In 2016, another graph-based method was introduced in Ge et al. (2016) that uses a version of Kleinberg’s method (Kleinberg 2003) to build a graph of bursty keywords. The authors also proposed two centroid-aware event detection models; Node-based Detection Model (NDM) and Area-based Detection Model (ADM). In both models, key nodes are detected and then clusters of events are formed around the nodes. In NDM, each cluster is comprised of bursty keywords (or nodes), while in ADM, clusters are made of overlapping documents (or areas). To obtain centroids, they first calculated the PageRank score for every node and then sorted nodes based on their scores. They devised an iterative algorithm in which in each iteration, the node with the highest score that does not belong to any community, is selected as a centroid and then, a community is constructed with the nearest free neighbors of that centroid.

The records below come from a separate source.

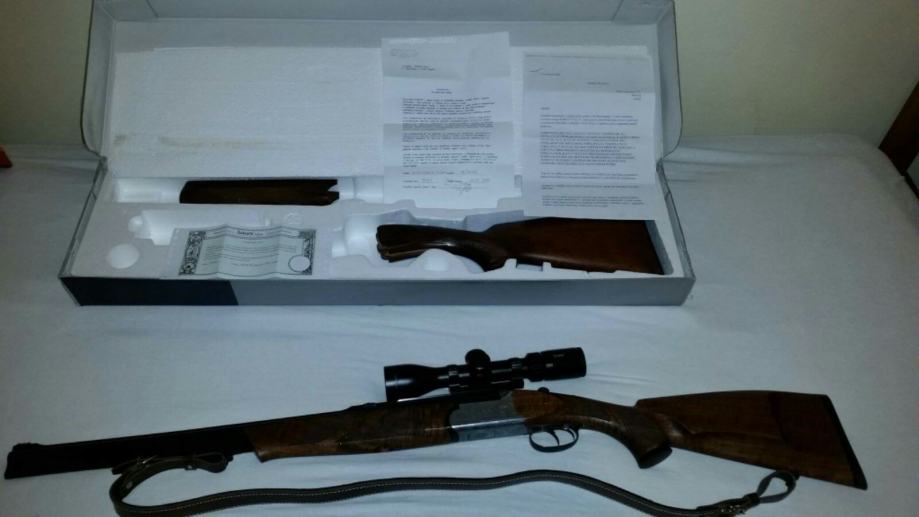 Prodajem kombinirku Sabatti u odlicnom stanju. Na pusci se nalazi rucno radeni kundak i potkundak po uzoru na Blaser. Gore je nova optika Yukon Craft 1,5-6x42 sa crvenom tockom i garancijom od 10god. Uz pusku ide i originalni kundak i podkundak koji su doslovno novi. Posjedujem sve papire od puske i optike. Moguca zamjena za jeftinije uz vasu nadoplatu.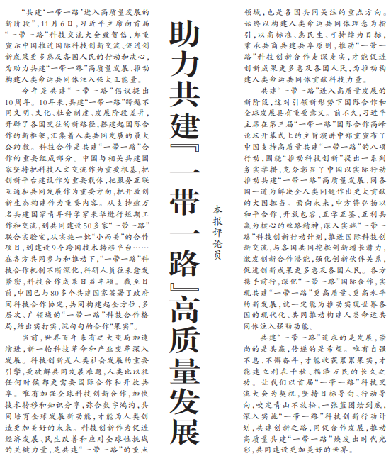 “共建‘一带一路’进入高质量发展的新阶段”,11月6日,习近平主席向首届“一带一路”科技交流大会致贺信,郑重宣示中国推进国际科技创新交流、促进创新成果更多惠及各国人民的行动和决心,为助力共建“一带一路”高质量发展、推动构建人类命运共同体注入强大正能量。(今日《人民日报》2版)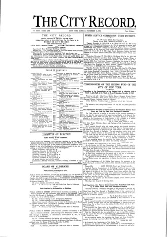 The City Record newspaper publishes notices which includes but is not limited to: public hearings and meetings, public auctions and sales, solicitations and awards and official rules proposed and adopted by city agencies. This is the City Record Newspaper for November 16, 1915.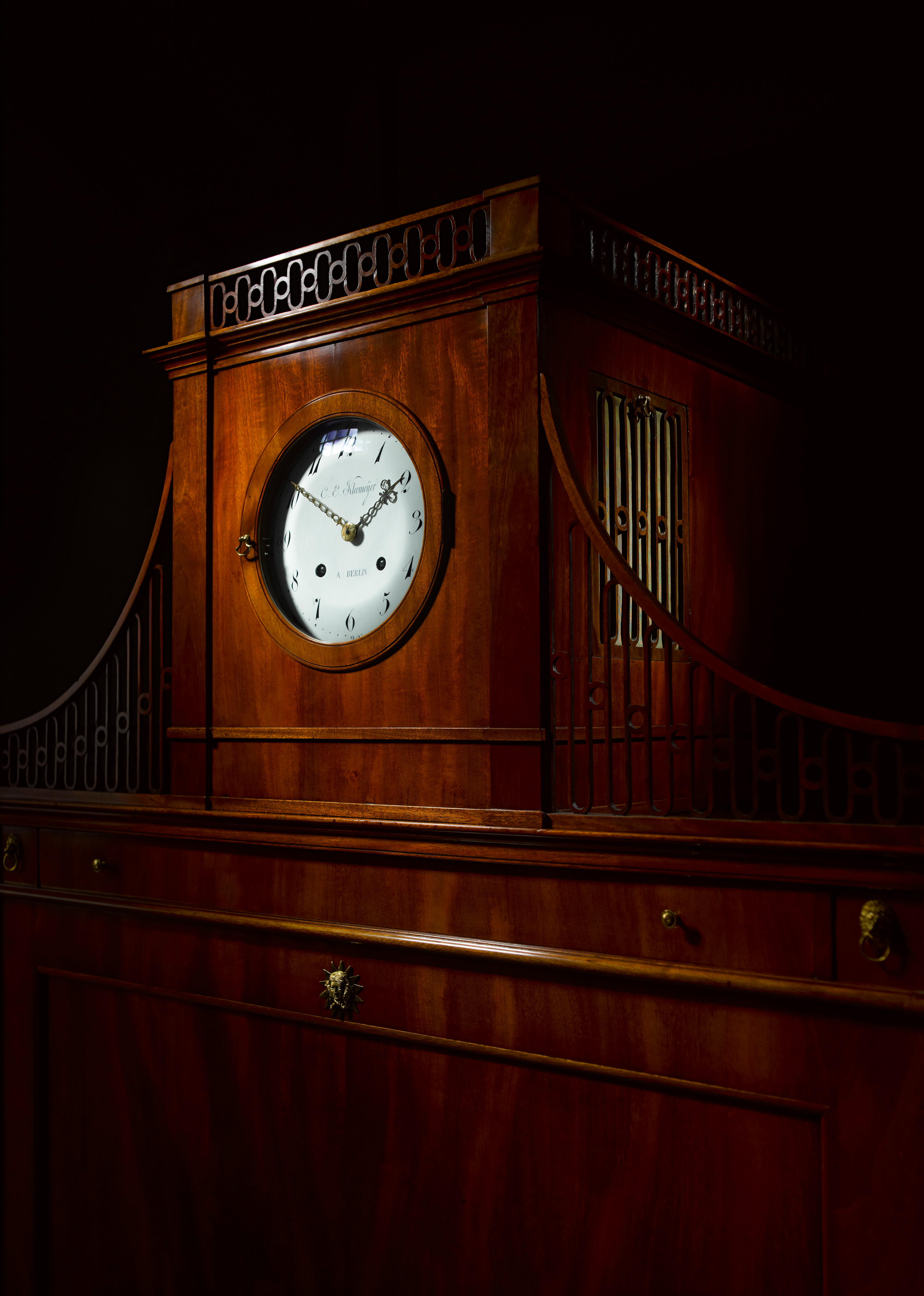 Although rather simple in appearance, this mechanical organ clock was produced by one of the most accomplished makers in Berlin. The weight-driven clockwork mechanism is allied to an organ with 92 pipes in three ranks. The music is pinned in spiral motion onto unusually large wooden cylinders (diameter 25,6 cm, 10 in., length: 74,3 cm, 29 ¼ in.). The mechanism is activated by pulling one of the small drawers at the inside of the the secrétaire.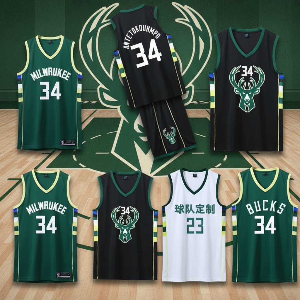Milwaukee Bucks Basketball Jersey Set, Custom Team Uniform, Breathable Sportswear with Free Number Printing, Includes Arm Sleeve and Wristband, Perfect for Training and Matches.
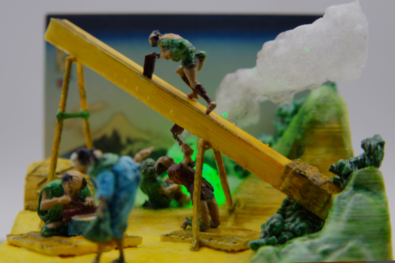 北斎・広重の作品を3Dプリンターで再現 浮世絵の立体模型を考察した位置情報を用い、現在の地形データで再現しました。 |
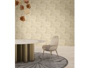 Luxusní vliesová tapeta s vinylovým povrchem s neobvyklým vzorem - plastické vlnky a lístky v béžovém odstínu se stříbrným a zlatým vzorem větviček s květinami a lístky.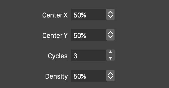 - Center X and Center Y - Set the location of the spiral center. This location is set using percentages relative to the area filled by the spiral gradient.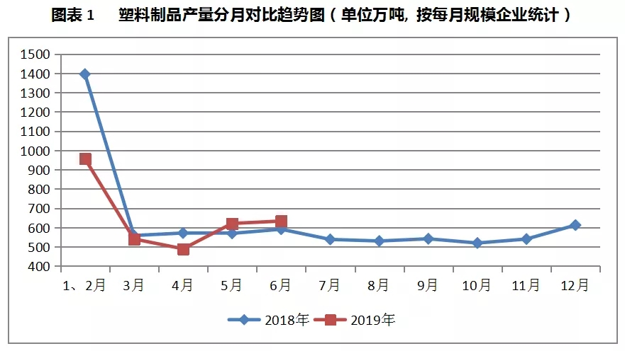 ????????按6月規(guī)模企業(yè)統(tǒng)計(jì):1-6月中國規(guī)模以上工業(yè)企業(yè)塑料制品產(chǎn)量累計(jì)為3238.4萬噸,同比增長了2.6%;其中,6月份產(chǎn)量為633.1萬噸,同比增長8.8%。按每月規(guī)模企業(yè)統(tǒng)計(jì): 1-6月中國規(guī)模以上工業(yè)企業(yè)塑料制品產(chǎn)量累計(jì)為3240.8萬噸,同比下降12.05%;其中,6月份產(chǎn)量為633.1萬噸,環(huán)比增長1.95%,同比增長7.16%。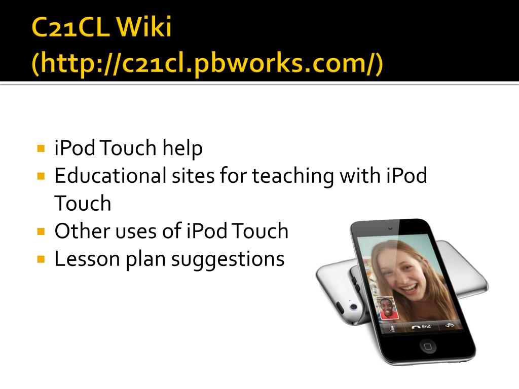 C21CL Wiki (http://c21cl.pbworks.com/) • iPod Touch help • Educational sites for teaching with iPod Touch • Other uses of iPod Touch • Lesson plan suggestions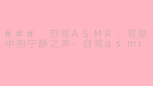 自驾游是一项深受欢迎的休闲活动,而近年来,“自驾ASMR”作为一种新兴的体验,逐渐走入人们的视野。ASMR(自发性知觉经络反应)的魅力在于能够通过特定的声音,帮助人们放松身心,减轻压力。在自驾过程中,车内外的声音如发动机的低吟、轮胎与路面的摩擦声,以及风吹拂窗户的沙沙声,都可以构成别具一格的ASMR体验。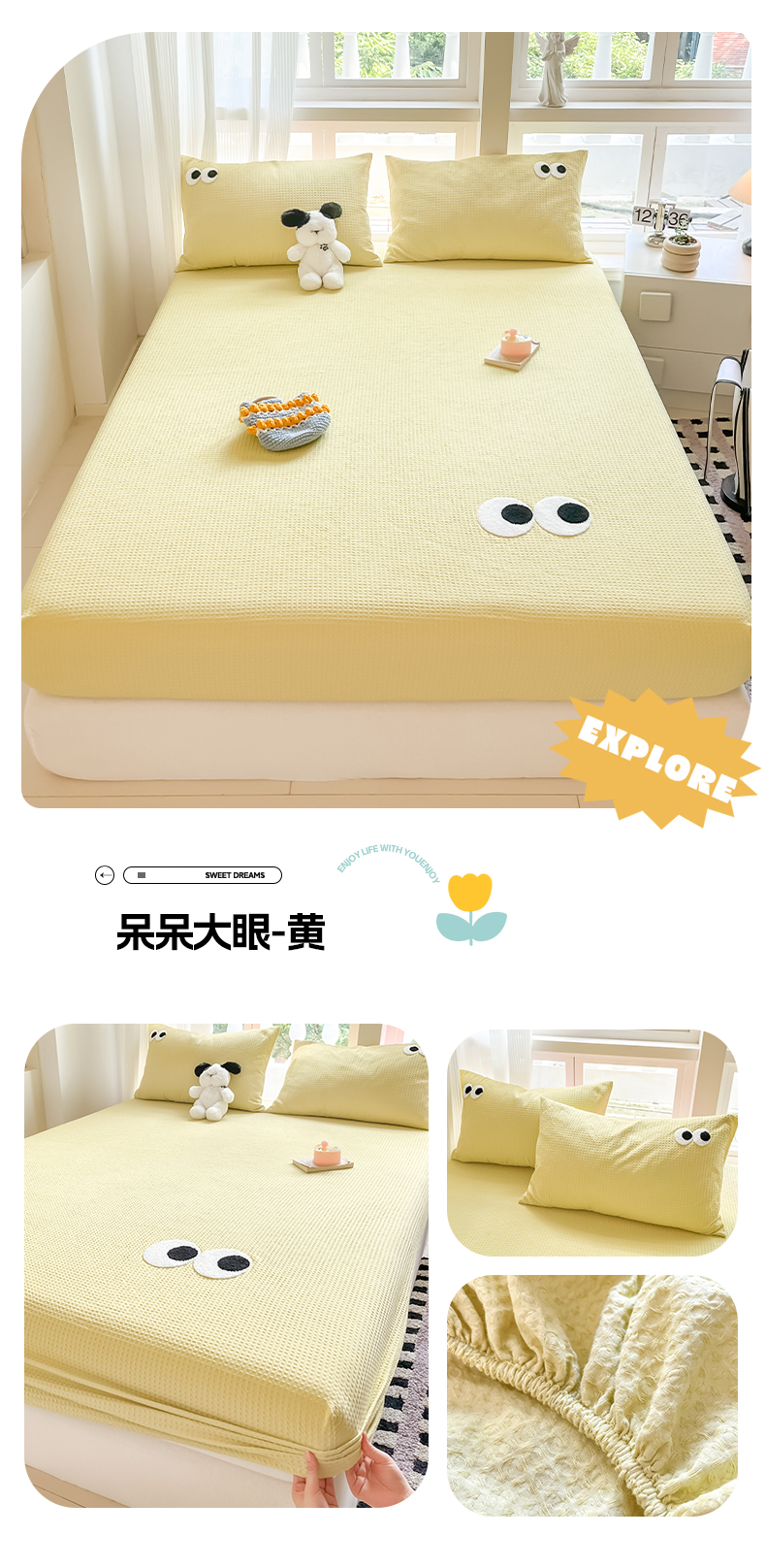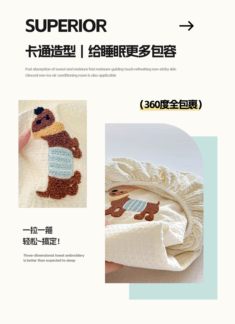 (总)居眠 2025新款A类母婴级卡通毛巾绣天丝床笠,假期小狗-天蓝,卡皮巴拉-水果绿,噗噗猫-肉粉,小树苗-奶昔白,小熊-姜黄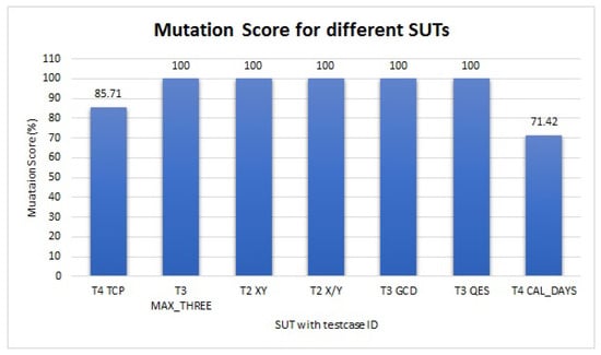 - The efficiency of the mutation testing can be assessed by utilizing a higher mutation score, which is defined by the following Equation (1) [].

Chen et al. proposed another graph-based method, which works upon the KeyGraph structure (2017). However, they incorporated semantic relations between keywords into the graph using WordNet (Miller 1995). To detect events, they used modularity maximization and pruned the graph using Markov decision process. Another recent study proposed an offline algorithm which generates a semantic graph using different semantic similarity measures, such as relative edit distance of keywords (Wei et al. 2018). Then, an edge betweenness algorithm is used to detect events in the constructed semantic graph.

2.2 Online event detection

Incremental algorithms have been widely used for real-time detection of events in news media (Hu et al. 2017; Yang et al. 1998). Yang et al. made use of a single-pass clustering algorithm to detect events (Hu et al. 2017). In this algorithm, documents are sequentially clustered based on their content similarity. Hu et al. proposed an adaptive online algorithm that utilizes word embedding to reduce dimension (2017). They clustered semantically similar words using K-means algorithm and then performed another clustering using time slicing techniques where documents are clustered based on their publishing time. Finally, a single-pass algorithm is executed on each cluster to detect events.

Since social media is a great source of information, it has attracted a lot of attention in recent years. Many researchers have concentrated on the event detection problem in social networks, especially in Twitter. Twitter is one of the most popular social networks which provides microblogging service. Messages posted on Twitter are called ”tweets”. Tweets do not always report a real-world event and they may include a lot of noises, e.g. grammatical and spelling errors, informal language, rumors and fake news. Sankaranarayanan et al. proposed TwitterStand that reports breaking news based on geographical information in tweets (2009). It devised a leader-follower clustering algorithm to reduce noises. Cataldi et al. proposed an algorithm that models the life cycle of terms using aging theory (2010). They also made use of users’ relationships and the PageRank algorithm to incorporate authority into content. Becker et al. utilized user-provided annotations to detect events in social media sites such as YouTube, Flickr and Facebook (2010). Phuvipadawat and Murata suggested a method to detect and track breaking news in Twitter (2010). They first downloaded tweets that contain pre-defined hashtags (e.g. #breakingnews) using Twitter API. Next, they indexed the collected tweets and grouped similar ones. The similarity between tweets is calculated using TF-IDF, while boosting proper nouns, hashtags and usernames. Finally, they ranked clusters with a weighted combination of reliability and popularity. Aggarwal and Subbian integrated network structure with the document content to detect events in Twitter (2012).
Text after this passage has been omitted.